◆ ASSIGNMENT: The line with "Elevate your style" marks the start; please set it down along with all later lines through the end of the material, exactly, leaving out pictures.

◆ AVAILABLE DATA:

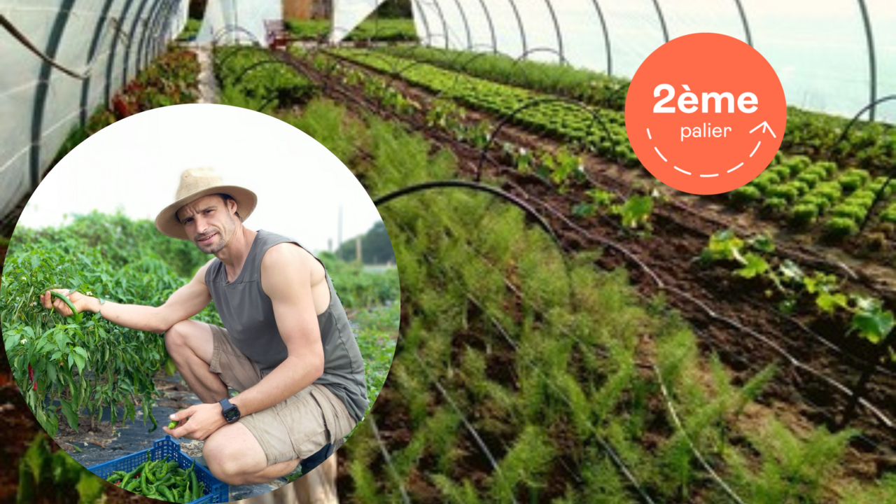 Installé en janvier 2022 en maraîchage plein champ sur 3 000 m2, je produis mes propres plants avec des semences paysannes que je compte multiplier. Mes techniques de culture se font sans travail du sol, sans traitement ni engrais chimique.
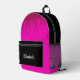 Elevate your style with this stunning Rose Gold Glitter Personalised Backpack. Featuring a captivating design of dripping glitter strawberries, this backpack is perfect for the girly and elegant woman. Customise it with your name for a personalised touch. The wash script font adds a touch of sophistication, while the black background provides a sleek and modern look. This trendy backpack is a must-have for any fashion-forward individual.
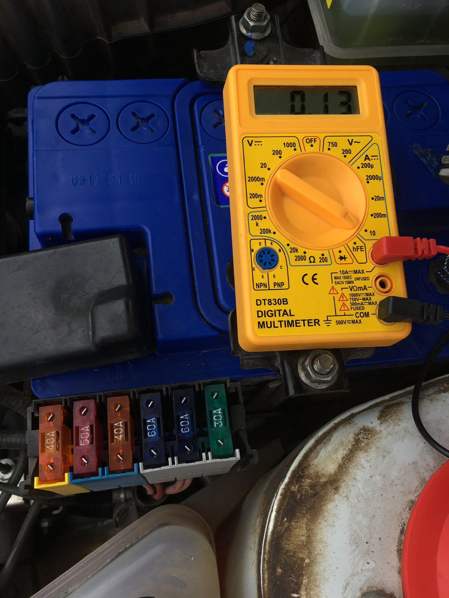 Нормальный показатель — 15-70 мА. Если цифры больше и вы с продавцом располагаете временем, попробуйте найти причину. Для этого также подключите мультиметр , после чего начните один за другим вынимать реле и предохранители.

◆ TASK RESULT:
 Elevate your style with this stunning Rose Gold Glitter Personalised Backpack. Featuring a captivating design of dripping glitter strawberries, this backpack is perfect for the girly and elegant woman. Customise it with your name for a personalised touch. The wash script font adds a touch of sophistication, while the black background provides a sleek and modern look. This trendy backpack is a must-have for any fashion-forward individual.
 Нормальный показатель — 15-70 мА. Если цифры больше и вы с продавцом располагаете временем, попробуйте найти причину. Для этого также подключите мультиметр , после чего начните один за другим вынимать реле и предохранители.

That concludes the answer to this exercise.